A MOTHER’S DAY REMINDER: TOGETHER WE ARE SOLID

I have two incredible children: my firstborn daughter and her younger brother. Every day, my son makes me question my parenting techniques. But it is every Mother’s Day that I am reminded of my daughter – the one who pushed me to learn how to be whole again.

 

The day she was born I saw her like I had never seen anything before, with frightening clarity. She was quiet and intense, with gray-blue eyes and dark hair. I was in awe. This baby who grew within me now was at my side, and I saw her and nothing else.

 

Her fragility made me question my strength. Suddenly, 25 was too young an age to have a child. I wasn’t old enough or mature enough; I was weak and full of doubt. Who was I to be trusted with this baby who stared at me with her gray-blue eyes?

 

I would lay her down on the floor, putting my head next to her, and weep tears of appreciation. I knew I had created something wonderful but could not comprehend it.
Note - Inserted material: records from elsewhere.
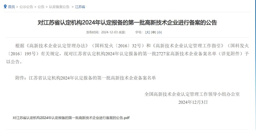 12月3日,,,,,,天下高新手艺企业认定管理事情向导小组办公室正式通告了江苏省2024年认定报备的第一批高新手艺企业备案名单,,,,,,918博天娱乐官网(以下简称“918博天娱乐官网”)依附其在手艺立异、知识产权、产品研发及转化等方面的卓越体现,,,,,,再次乐成获得国家高新手艺企业资质认定,,,,,,证书编号为GR202432000848。。。。。
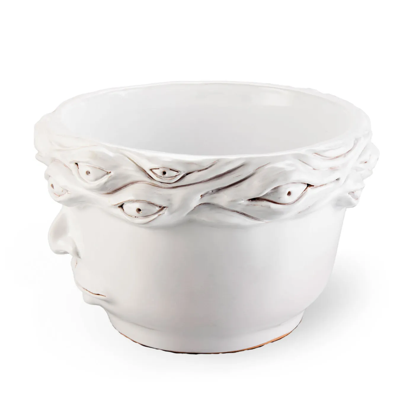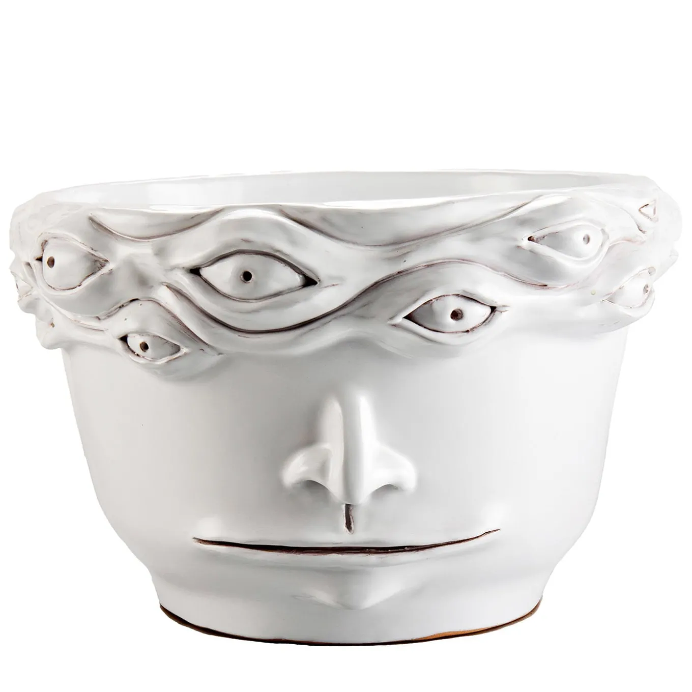 This Eye Freaklab Vase is made entirely by hand with the lathe and modeling technique. Starting from the clay, the piece is dried and fired in the kiln, then decorated with non-toxic glazes, colors, and crystalline for ceramics. Each piece is unique and completely handmade. It can be used as a flower holder, a plant holder, or as a sculpture. The piece can be customized, please contact the Concierge for further information and options.
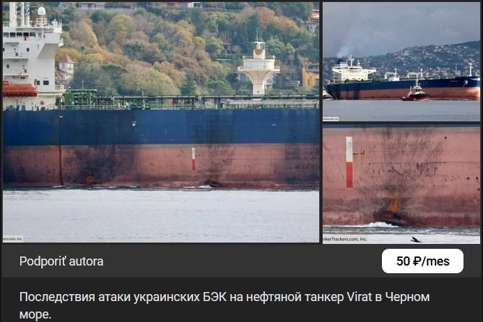 Zdroj https://vk.com/wall-123538639_4765293 z 15.12.2025Dôsledky útoku ukrajinských BEK na ropný tanker Virat v Čiernom mori
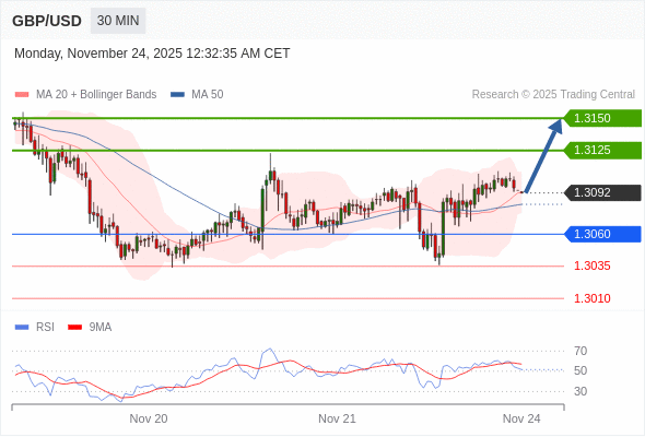 在 1.3060 之上,看涨,目标价位为 1.3125 ,然后为 1.3150 。
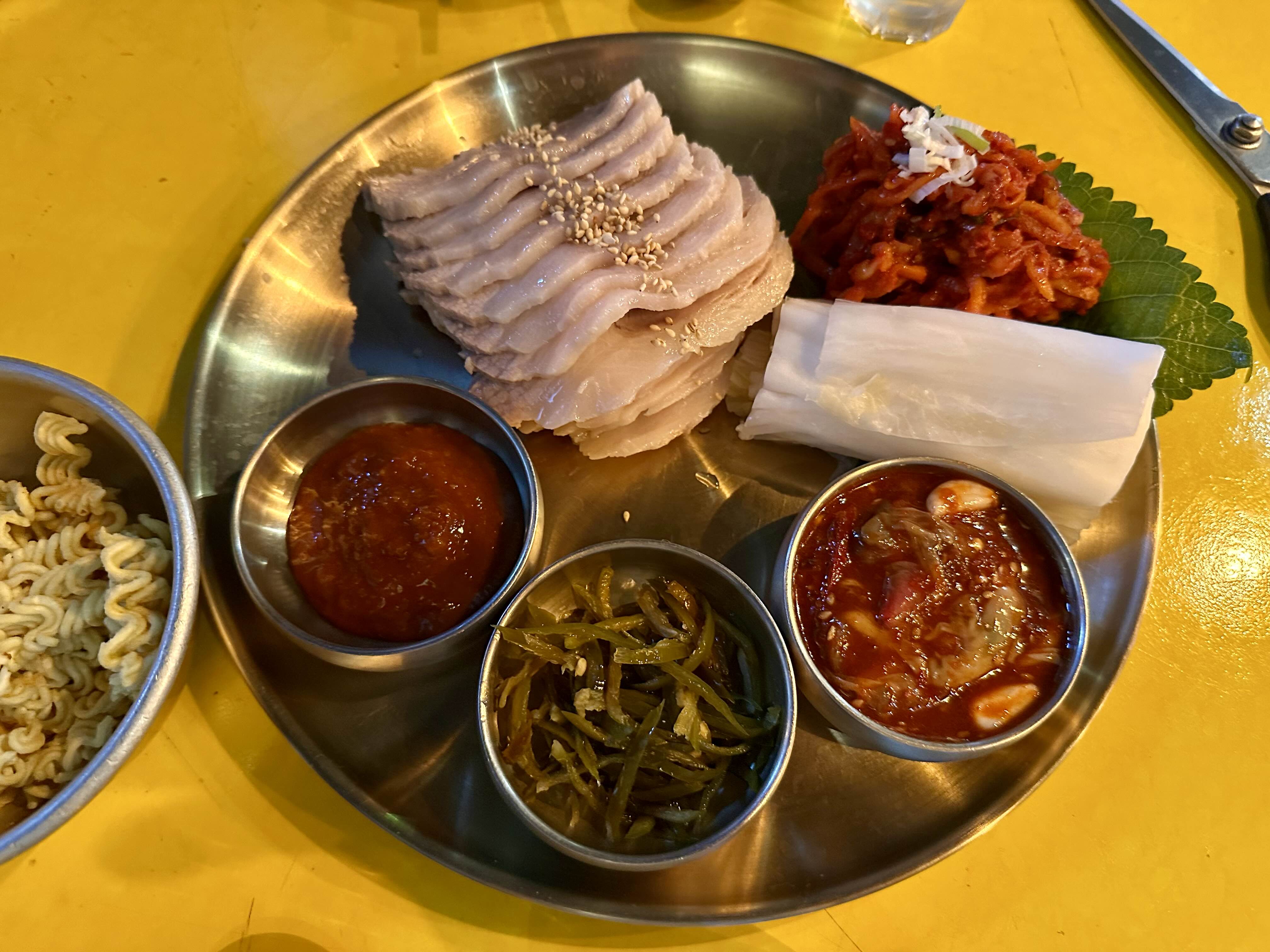 가장 먼저 눈에 들어온 건 다름 아닌 굴젓이었습니다. 김치와 함께 곁들여진 얇은 수육은 비주얼부터 합격!
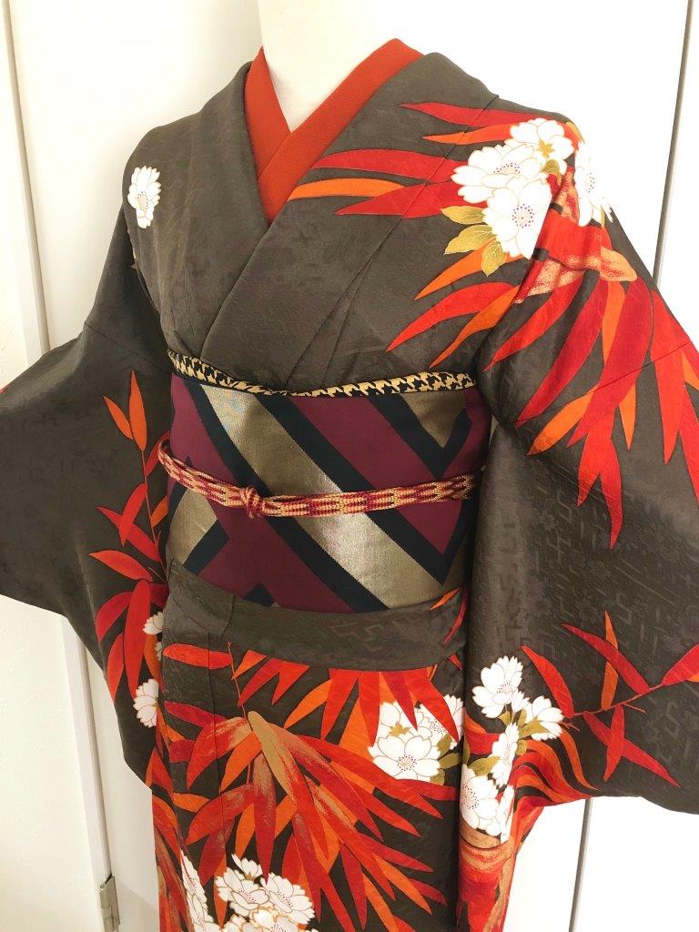 ![]() 鶯茶に朱竹の訪問着セット 50000円 |

My body nurtured and delivered her – this body that I blasted and had deemed unworthy gave birth to this intense baby. She, the female who would turn to me.

 

So I buried thoughts of being broken, just shoved them down and did not talk about them. Still, they hovered in the shadows of my mind.

 

The first few years pass, and my daughter begins school. Her eyes have taken on the warm brown of her father’s. She is nothing like me. She has carved her way with attitude and grit. She does not listen to “no.” She is smart, cunning, savvy. I did not give these to her. (God knew I would not be able to, so He put them in her Himself. I am convinced of it.)

 

I need do nothing to help her succeed. She does not need my comfort; she does not tolerate dresses or bows. She will not brush her hair. I let it go. I am relieved. God simplified her needs. Except for one: Perfection. She needs perfection.

 

I talk with her. She has grit. I have grace. We go on.

 

Fast-forward again, to my daughter’s third-grade year. The quest for perfection won’t go away. I wake up one night in a cold sweat. In another two years, she will be in fifth grade.

 

Fifth grade. That was when “broken” started for me. I stare into the dark. The clock is ticking too fast.

 

How do you make someone believe they are imperfectly perfect in less than two years’ time? How, when you don’t believe it to be part of your truth? When I try so hard to bury my broken so she won’t see, how do I make her unbreakable?

 

The question is real for me … as it is, I suspect, for many of us. To make her unbreakable, I – her mother, her role model – must fix what is broken within me. I let these feelings of unworthiness and self-doubt rise and flow out of me for three years, with my daughter as a witness to my imperfections. It takes all of my grace, and all of her grit. I make her grit my own.

 

Fast-forward again, to present-day. I look at my daughter, now in high school. She is my perfectly imperfect girl, but my grace has somehow softened that which made her so hard on herself. The balancing act of grace and grit mold us. We each retain our imperfections – real and imagined – but together we are solid. Mother and daughter.

 

As I look around at other women, mothers who are struggling to raise daughters with grace and grit, I do not think I am alone in this journey. We all are searching for guidance, for a solid lifeline that will pull us through. And it hits me – an idea gifted to me on a snowy day – that none of us have to look far. So many came before us, and their legacy shows us a way.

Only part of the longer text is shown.